### Recorded data

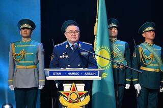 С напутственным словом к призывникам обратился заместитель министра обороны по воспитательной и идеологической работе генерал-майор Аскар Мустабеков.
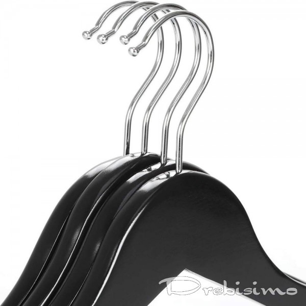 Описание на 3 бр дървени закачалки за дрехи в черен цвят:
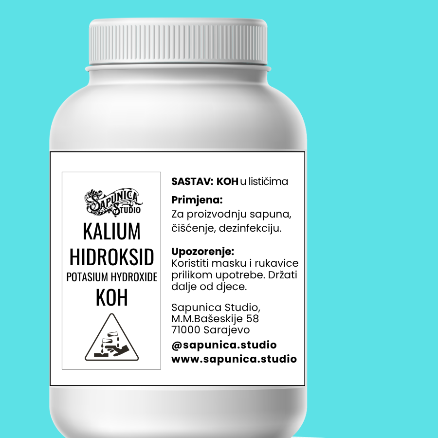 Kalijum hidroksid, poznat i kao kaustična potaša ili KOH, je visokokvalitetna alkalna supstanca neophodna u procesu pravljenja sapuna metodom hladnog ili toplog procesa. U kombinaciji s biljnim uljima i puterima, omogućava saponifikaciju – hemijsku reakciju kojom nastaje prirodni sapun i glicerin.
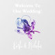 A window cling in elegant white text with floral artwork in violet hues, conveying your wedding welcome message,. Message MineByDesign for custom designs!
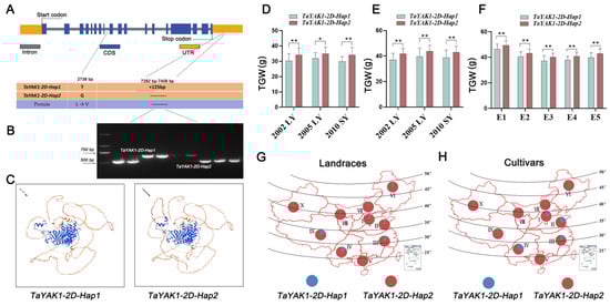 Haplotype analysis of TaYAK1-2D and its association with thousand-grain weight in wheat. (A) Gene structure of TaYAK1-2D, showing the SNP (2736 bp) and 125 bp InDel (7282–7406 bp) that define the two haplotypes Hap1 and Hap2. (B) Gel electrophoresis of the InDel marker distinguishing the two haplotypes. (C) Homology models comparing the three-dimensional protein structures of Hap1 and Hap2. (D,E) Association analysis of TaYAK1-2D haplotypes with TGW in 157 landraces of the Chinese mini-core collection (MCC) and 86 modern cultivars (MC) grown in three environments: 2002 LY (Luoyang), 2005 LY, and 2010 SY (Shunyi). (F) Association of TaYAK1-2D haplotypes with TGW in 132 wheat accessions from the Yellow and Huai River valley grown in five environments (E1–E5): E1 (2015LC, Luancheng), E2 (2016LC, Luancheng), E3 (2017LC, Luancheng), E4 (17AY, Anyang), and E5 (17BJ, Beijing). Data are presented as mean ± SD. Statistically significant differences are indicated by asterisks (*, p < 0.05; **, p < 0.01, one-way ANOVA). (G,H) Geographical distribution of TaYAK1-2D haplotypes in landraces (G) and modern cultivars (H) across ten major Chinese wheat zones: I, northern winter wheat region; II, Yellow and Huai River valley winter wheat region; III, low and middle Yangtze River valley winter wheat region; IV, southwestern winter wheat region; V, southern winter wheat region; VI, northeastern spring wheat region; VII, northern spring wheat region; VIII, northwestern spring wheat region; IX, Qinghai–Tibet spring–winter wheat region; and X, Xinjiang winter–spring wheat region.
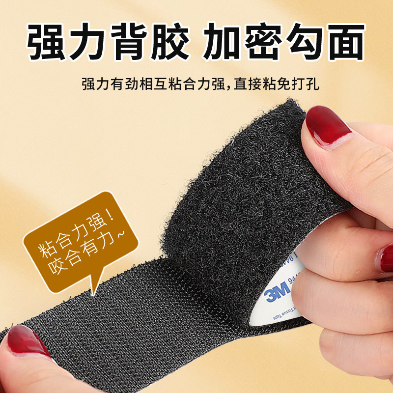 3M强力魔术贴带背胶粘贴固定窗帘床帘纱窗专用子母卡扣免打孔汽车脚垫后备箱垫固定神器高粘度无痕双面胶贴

######
### Recorded data

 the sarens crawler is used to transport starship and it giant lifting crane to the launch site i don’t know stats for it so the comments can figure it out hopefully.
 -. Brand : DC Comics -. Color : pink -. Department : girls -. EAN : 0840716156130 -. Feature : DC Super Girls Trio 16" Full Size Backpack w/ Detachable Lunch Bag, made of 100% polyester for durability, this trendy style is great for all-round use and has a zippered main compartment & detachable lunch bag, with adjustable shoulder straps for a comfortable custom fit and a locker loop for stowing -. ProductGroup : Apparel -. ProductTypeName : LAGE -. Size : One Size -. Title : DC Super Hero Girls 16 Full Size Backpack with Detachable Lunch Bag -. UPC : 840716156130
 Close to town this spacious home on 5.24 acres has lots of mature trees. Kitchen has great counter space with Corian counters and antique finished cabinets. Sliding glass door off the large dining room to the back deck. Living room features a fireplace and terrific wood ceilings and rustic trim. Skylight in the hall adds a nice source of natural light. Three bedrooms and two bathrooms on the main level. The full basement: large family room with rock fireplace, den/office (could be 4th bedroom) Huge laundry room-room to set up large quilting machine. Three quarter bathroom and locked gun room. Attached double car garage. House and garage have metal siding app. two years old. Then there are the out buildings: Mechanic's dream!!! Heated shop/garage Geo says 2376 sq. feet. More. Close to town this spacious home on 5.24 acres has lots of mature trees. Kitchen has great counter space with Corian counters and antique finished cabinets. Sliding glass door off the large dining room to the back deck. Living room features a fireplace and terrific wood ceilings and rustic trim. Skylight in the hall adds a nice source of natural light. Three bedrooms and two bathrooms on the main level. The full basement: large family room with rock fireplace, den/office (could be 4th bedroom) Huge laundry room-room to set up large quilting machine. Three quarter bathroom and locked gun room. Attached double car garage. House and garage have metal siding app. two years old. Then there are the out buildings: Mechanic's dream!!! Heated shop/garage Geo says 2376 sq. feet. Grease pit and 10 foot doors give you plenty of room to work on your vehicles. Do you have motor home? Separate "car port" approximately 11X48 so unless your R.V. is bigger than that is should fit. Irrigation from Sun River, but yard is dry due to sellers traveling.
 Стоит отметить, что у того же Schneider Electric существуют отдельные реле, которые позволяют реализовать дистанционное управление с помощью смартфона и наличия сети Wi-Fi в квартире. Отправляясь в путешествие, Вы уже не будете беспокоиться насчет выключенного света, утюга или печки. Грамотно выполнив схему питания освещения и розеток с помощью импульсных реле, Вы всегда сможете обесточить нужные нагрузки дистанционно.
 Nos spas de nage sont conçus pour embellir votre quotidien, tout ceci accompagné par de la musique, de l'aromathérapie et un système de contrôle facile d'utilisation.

######
### Recorded data

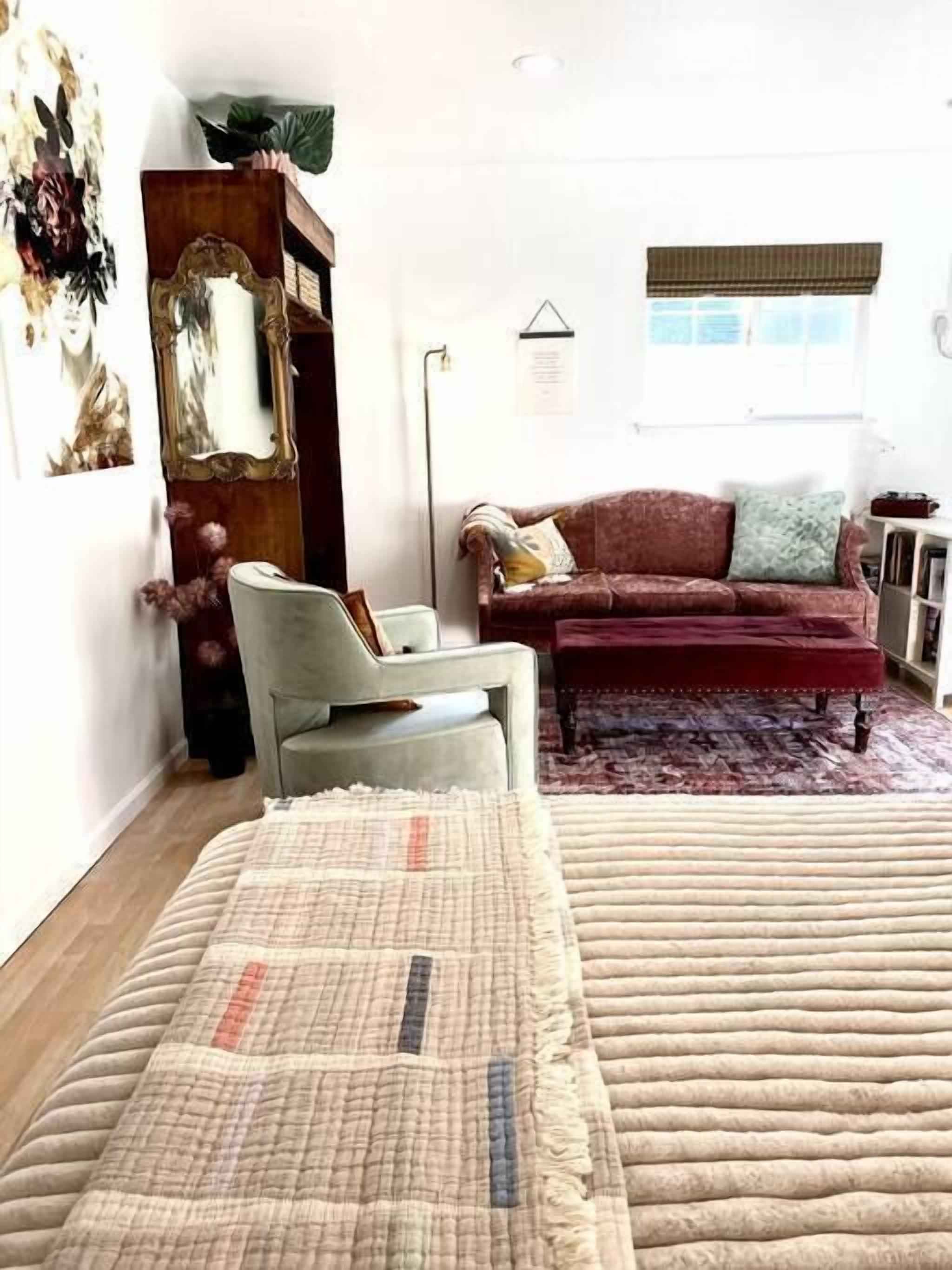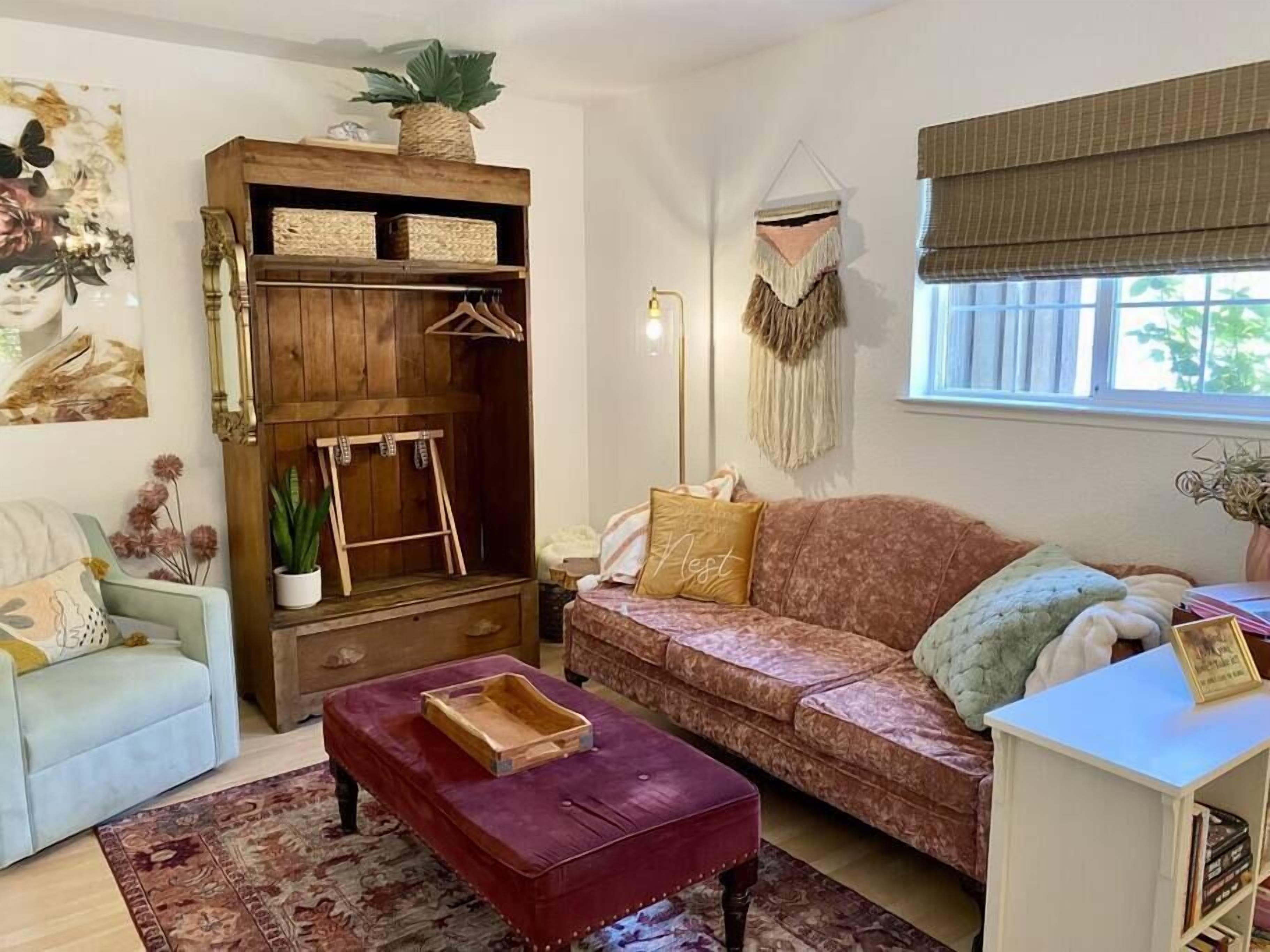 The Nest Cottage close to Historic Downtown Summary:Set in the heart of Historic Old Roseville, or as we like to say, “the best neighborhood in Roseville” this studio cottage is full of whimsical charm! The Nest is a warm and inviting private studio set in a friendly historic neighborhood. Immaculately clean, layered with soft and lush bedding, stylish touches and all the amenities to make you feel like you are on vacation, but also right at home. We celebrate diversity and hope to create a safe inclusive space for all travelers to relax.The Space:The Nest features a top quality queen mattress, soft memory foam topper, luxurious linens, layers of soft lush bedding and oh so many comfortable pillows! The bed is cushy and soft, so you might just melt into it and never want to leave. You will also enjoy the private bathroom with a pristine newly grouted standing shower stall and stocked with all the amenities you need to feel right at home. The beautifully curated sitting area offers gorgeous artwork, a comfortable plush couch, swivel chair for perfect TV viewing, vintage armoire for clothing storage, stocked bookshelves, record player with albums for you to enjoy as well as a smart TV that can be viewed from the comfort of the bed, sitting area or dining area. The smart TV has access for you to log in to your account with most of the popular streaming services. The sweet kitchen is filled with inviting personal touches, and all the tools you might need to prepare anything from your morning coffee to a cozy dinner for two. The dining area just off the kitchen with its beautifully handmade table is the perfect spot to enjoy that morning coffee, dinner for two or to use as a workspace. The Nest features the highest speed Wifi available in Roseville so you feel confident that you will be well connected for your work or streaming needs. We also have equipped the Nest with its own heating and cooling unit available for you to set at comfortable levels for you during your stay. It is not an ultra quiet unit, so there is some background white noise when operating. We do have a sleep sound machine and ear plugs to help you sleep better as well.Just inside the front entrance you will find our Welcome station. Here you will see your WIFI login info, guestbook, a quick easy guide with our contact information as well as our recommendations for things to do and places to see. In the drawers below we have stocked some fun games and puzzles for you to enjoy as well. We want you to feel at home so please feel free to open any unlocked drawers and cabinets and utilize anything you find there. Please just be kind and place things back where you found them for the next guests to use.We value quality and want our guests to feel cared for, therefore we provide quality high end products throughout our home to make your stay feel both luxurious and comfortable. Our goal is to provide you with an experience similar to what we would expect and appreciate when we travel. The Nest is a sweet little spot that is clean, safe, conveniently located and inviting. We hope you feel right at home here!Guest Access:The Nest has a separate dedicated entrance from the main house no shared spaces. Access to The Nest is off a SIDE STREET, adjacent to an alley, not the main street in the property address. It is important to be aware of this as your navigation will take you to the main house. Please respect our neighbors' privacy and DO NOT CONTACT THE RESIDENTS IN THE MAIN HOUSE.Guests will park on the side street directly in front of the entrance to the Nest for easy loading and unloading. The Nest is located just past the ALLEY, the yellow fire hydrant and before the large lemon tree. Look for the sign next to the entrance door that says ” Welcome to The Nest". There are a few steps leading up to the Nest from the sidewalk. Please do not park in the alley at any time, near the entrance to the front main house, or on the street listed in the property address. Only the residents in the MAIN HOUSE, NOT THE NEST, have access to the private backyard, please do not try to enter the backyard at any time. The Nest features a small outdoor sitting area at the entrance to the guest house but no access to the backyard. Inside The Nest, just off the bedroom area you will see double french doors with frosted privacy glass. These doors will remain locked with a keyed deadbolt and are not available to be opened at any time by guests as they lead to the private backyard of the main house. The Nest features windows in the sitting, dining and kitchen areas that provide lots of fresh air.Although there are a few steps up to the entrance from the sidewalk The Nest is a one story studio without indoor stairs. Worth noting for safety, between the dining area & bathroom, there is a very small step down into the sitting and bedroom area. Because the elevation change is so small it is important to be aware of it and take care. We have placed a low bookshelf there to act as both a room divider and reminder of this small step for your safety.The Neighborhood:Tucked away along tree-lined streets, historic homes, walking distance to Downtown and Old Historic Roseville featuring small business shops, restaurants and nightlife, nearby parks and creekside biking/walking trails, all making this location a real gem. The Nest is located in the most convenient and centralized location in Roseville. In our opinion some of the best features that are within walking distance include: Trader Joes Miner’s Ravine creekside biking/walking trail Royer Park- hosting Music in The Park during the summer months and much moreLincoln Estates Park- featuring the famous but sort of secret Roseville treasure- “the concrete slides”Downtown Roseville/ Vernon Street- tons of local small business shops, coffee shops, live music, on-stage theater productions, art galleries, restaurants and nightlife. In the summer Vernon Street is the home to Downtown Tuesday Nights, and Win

######

**What the task asks**
What you return must match, character for character, the lines above from the one with "С напутственным словом" through the one with "A window cling", minus any pictures.

**Output below**
 С напутственным словом к призывникам обратился заместитель министра обороны по воспитательной и идеологической работе генерал-майор Аскар Мустабеков.
 Описание на 3 бр дървени закачалки за дрехи в черен цвят:
 Kalijum hidroksid, poznat i kao kaustična potaša ili KOH, je visokokvalitetna alkalna supstanca neophodna u procesu pravljenja sapuna metodom hladnog ili toplog procesa. U kombinaciji s biljnim uljima i puterima, omogućava saponifikaciju – hemijsku reakciju kojom nastaje prirodni sapun i glicerin.
 A window cling in elegant white text with floral artwork in violet hues, conveying your wedding welcome message,. Message MineByDesign for custom designs!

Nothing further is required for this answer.